PROBLEM DESCRIPTION: Each entry that follows is to be retyped exactly. Pictures do not belong in the copy.

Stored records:
........

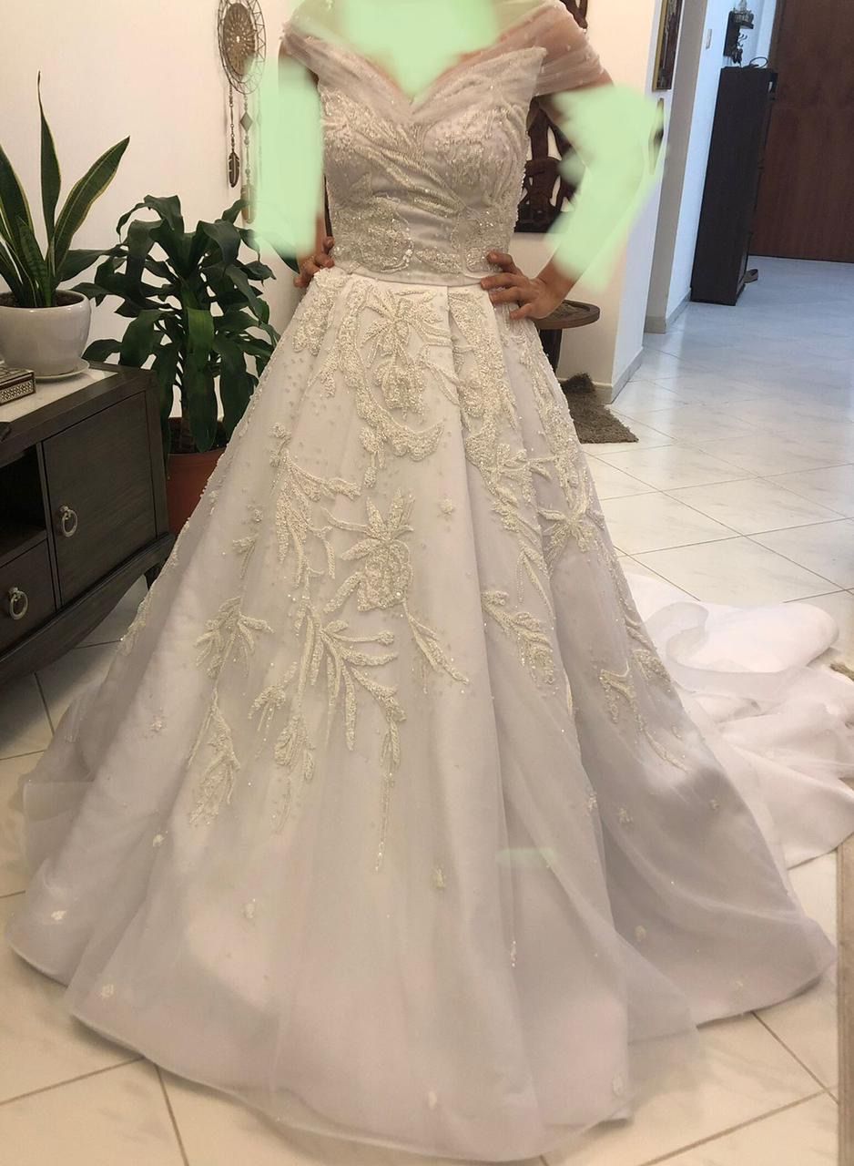 فستان عروس روعة تفصيل من ديزاينر لبناني وخامه فخمة والشغل هاند ميد كامل ومتقن مع الطرحه والجيبون والهد بيس ذوق وأناقة في اللبس ويشووق عالجسم ومشغول كامل ولمعته تسحر ديزاين ملكي والفستان لبسه واحدة فقط مقاس S M سعر التفصيل 8000 درهم سعر البيع 4000 درهم للتواصل
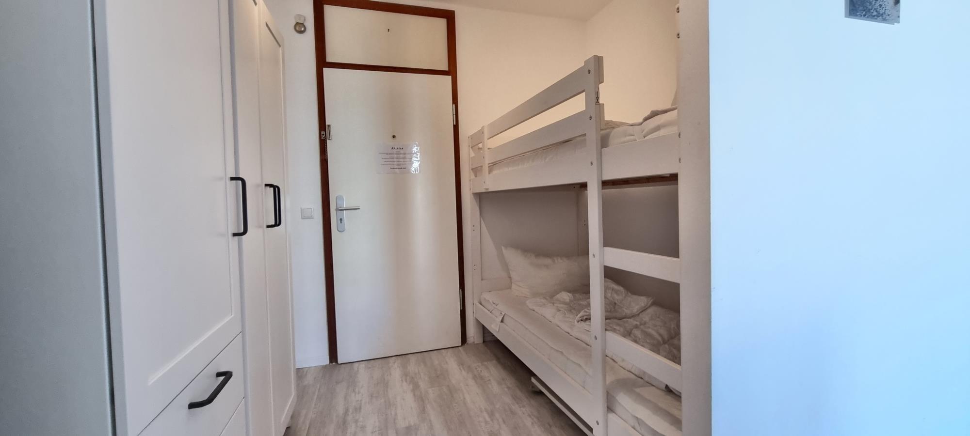 Der gemütliche Schlafbereich ist mit einem komfortablen Doppelbett ausgestattet und sorgt für erholsame Nächte. Eine zusätzliche Schlafnische mit Etagenbett im Korridor ist ideal für Kinder und macht die Wohnung besonders familienfreundlich.
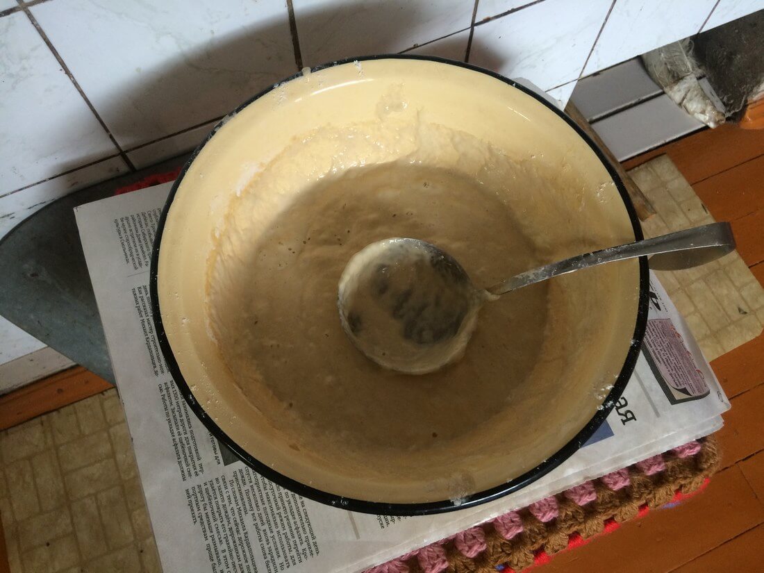 Готовое тесто для табани ставим поближе к печи, чтобы было удобнее накладывать на сковороду.
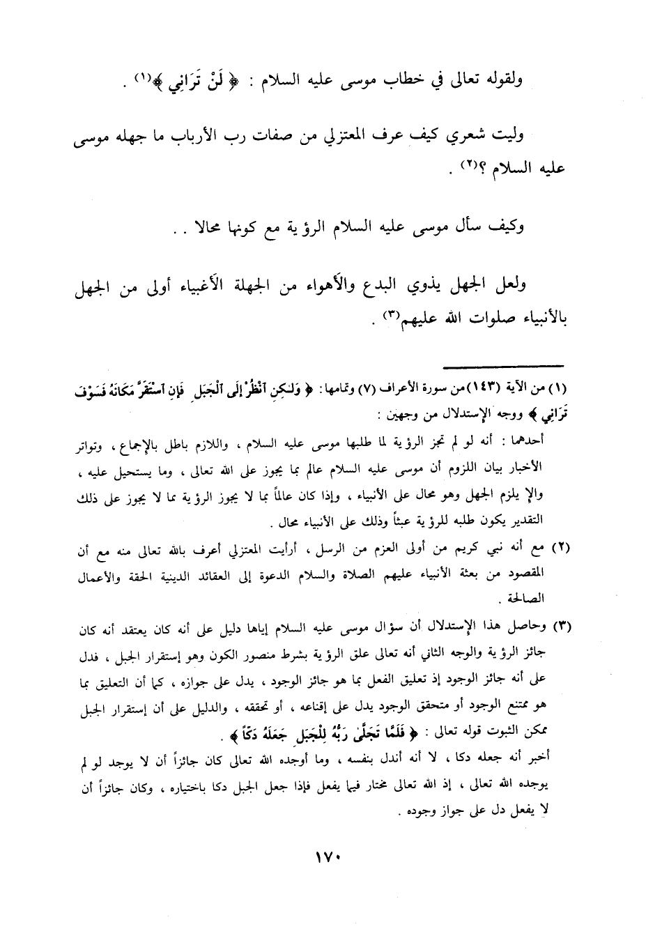 وليت شعري كَيفَ عرف المعتزلي من صِفَات رب الأرباب مَا جَهله مُوسَى عَلَيْهِ السَّلَام
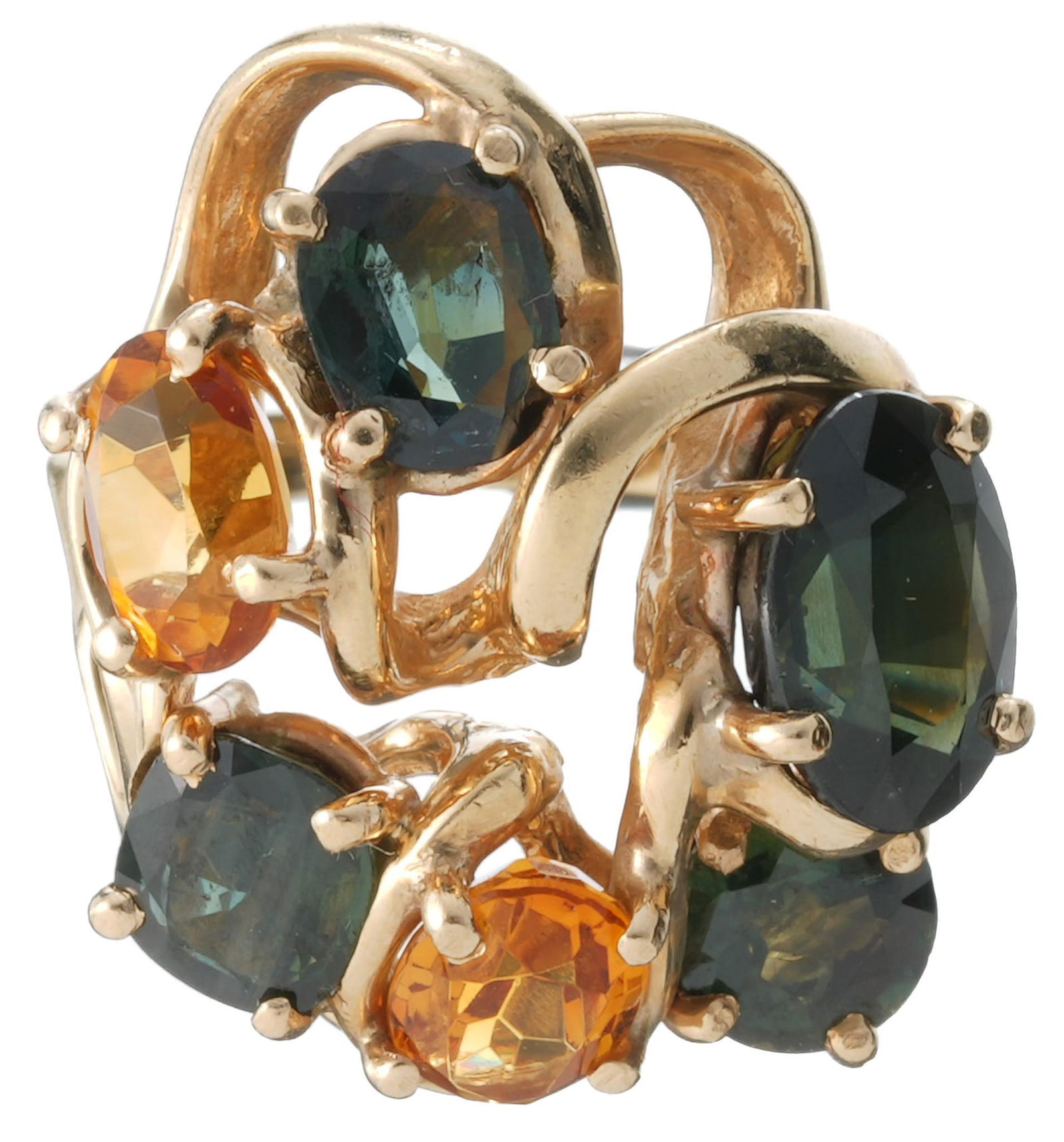 A Retro Sapphire & Diamond Ribbon Ring in 14K
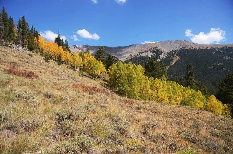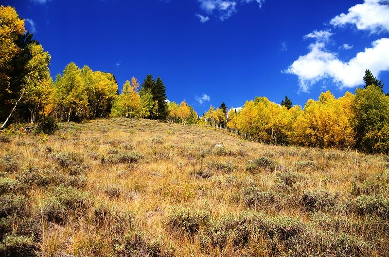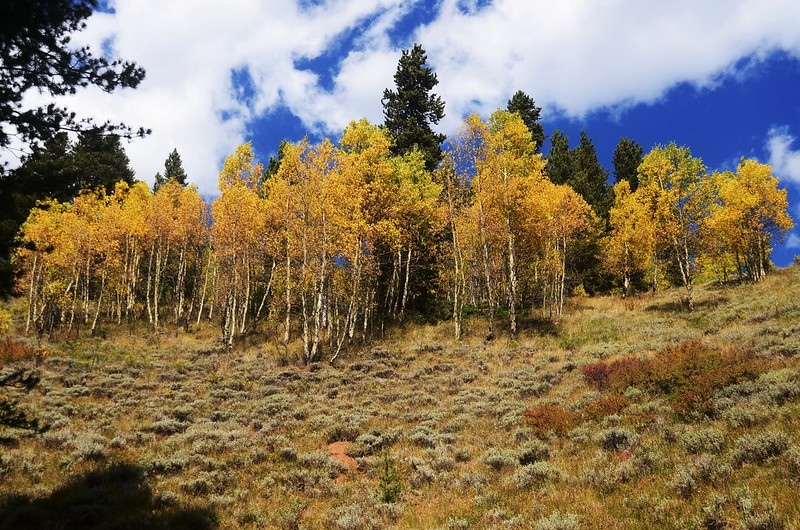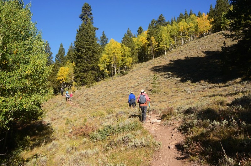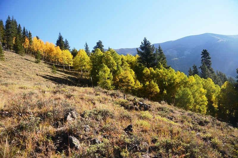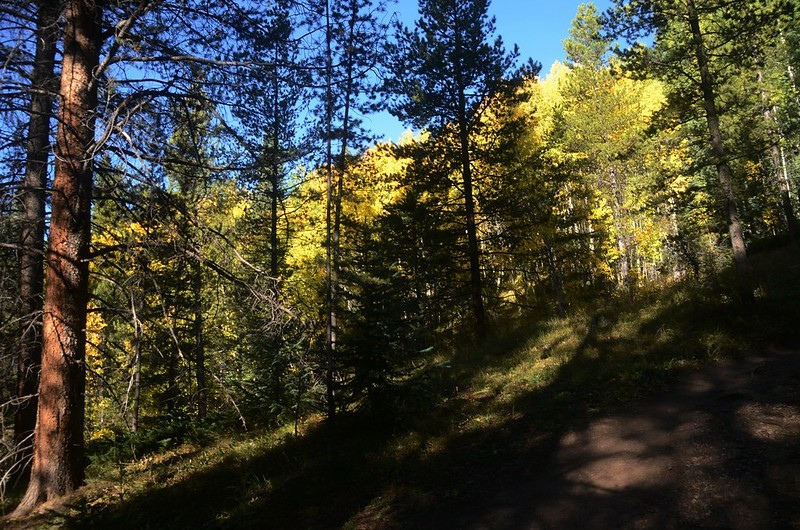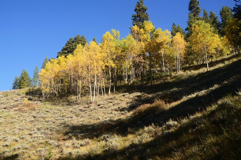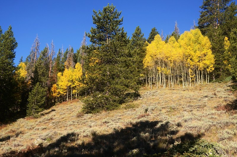 此後一路在白楊木(aspen)和黑松(lodgepole pine)林中爬升。
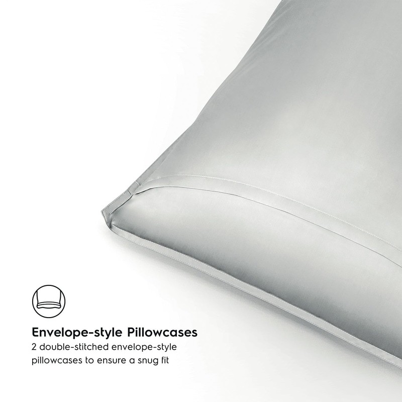 Pillow Cases Standard Size by Tafts - Pure 100% Viscose Derived from Bamboo Luxuriously Soft, Silky, Cooling, Double Stitched, Envelope Closure (2 Pillowcases, Light Grey)
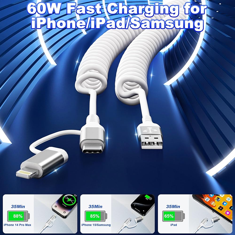【4 IN 1 Pink Coiled Multi Charging Cable】4 IN 1 coiled usb c lightning cable fit a variety of devices, supporting USB A to USB C, USB A to Lightning, USB C to USB C and USB C to Lightning. The iPhone usb cable use retractable design, help you keep the car or jeep console neat, without hassle of long data cord clutter and tangles, perfect for use in the car
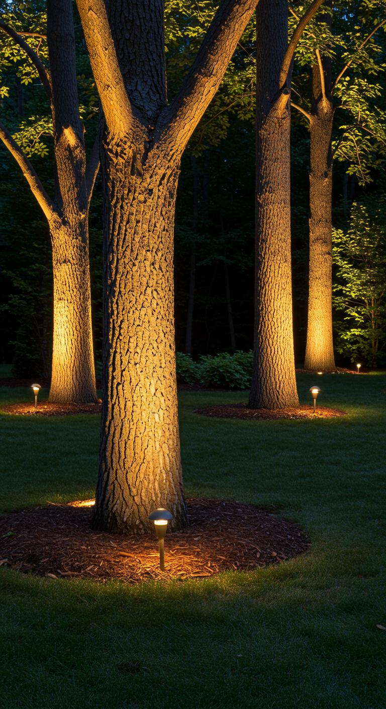 You’ll position tree trunk lighting to avoid glare, hide fixtures among roots, and aim beams for layered silhouettes.
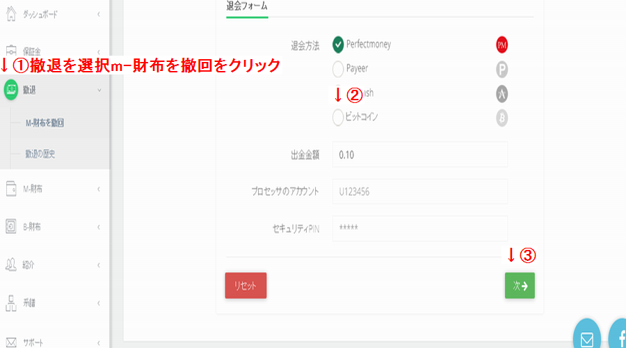 ①撤退を選択しm-財布撤回をクリック
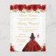 Este convite de aniversário de sweet sixteen elegante e glamoroso apresenta uma bela princesa com cabelos e pele escuros em um vestido de baile vermelho. O texto combina caligrafia manuscrita e fontes modernas sem serifa para uma aparência clássica e sofisticada. Os arranjos florais, borboletas e confetes dourados criam a combinação perfeita de rústico e chique.

........

WRITTEN SOLUTION:
 فستان عروس روعة تفصيل من ديزاينر لبناني وخامه فخمة والشغل هاند ميد كامل ومتقن مع الطرحه والجيبون والهد بيس ذوق وأناقة في اللبس ويشووق عالجسم ومشغول كامل ولمعته تسحر ديزاين ملكي والفستان لبسه واحدة فقط مقاس S M سعر التفصيل 8000 درهم سعر البيع 4000 درهم للتواصل
 Der gemütliche Schlafbereich ist mit einem komfortablen Doppelbett ausgestattet und sorgt für erholsame Nächte. Eine zusätzliche Schlafnische mit Etagenbett im Korridor ist ideal für Kinder und macht die Wohnung besonders familienfreundlich.
 Готовое тесто для табани ставим поближе к печи, чтобы было удобнее накладывать на сковороду.
 وليت شعري كَيفَ عرف المعتزلي من صِفَات رب الأرباب مَا جَهله مُوسَى عَلَيْهِ السَّلَام
 A Retro Sapphire & Diamond Ribbon Ring in 14K
 此後一路在白楊木(aspen)和黑松(lodgepole pine)林中爬升。
 Pillow Cases Standard Size by Tafts - Pure 100% Viscose Derived from Bamboo Luxuriously Soft, Silky, Cooling, Double Stitched, Envelope Closure (2 Pillowcases, Light Grey)
【4 IN 1 Pink Coiled Multi Charging Cable】4 IN 1 coiled usb c lightning cable fit a variety of devices, supporting USB A to USB C, USB A to Lightning, USB C to USB C and USB C to Lightning. The iPhone usb cable use retractable design, help you keep the car or jeep console neat, without hassle of long data cord clutter and tangles, perfect for use in the car
 You’ll position tree trunk lighting to avoid glare, hide fixtures among roots, and aim beams for layered silhouettes.
 ①撤退を選択しm-財布撤回をクリック
 Este convite de aniversário de sweet sixteen elegante e glamoroso apresenta uma bela princesa com cabelos e pele escuros em um vestido de baile vermelho. O texto combina caligrafia manuscrita e fontes modernas sem serifa para uma aparência clássica e sofisticada. Os arranjos florais, borboletas e confetes dourados criam a combinação perfeita de rústico e chique.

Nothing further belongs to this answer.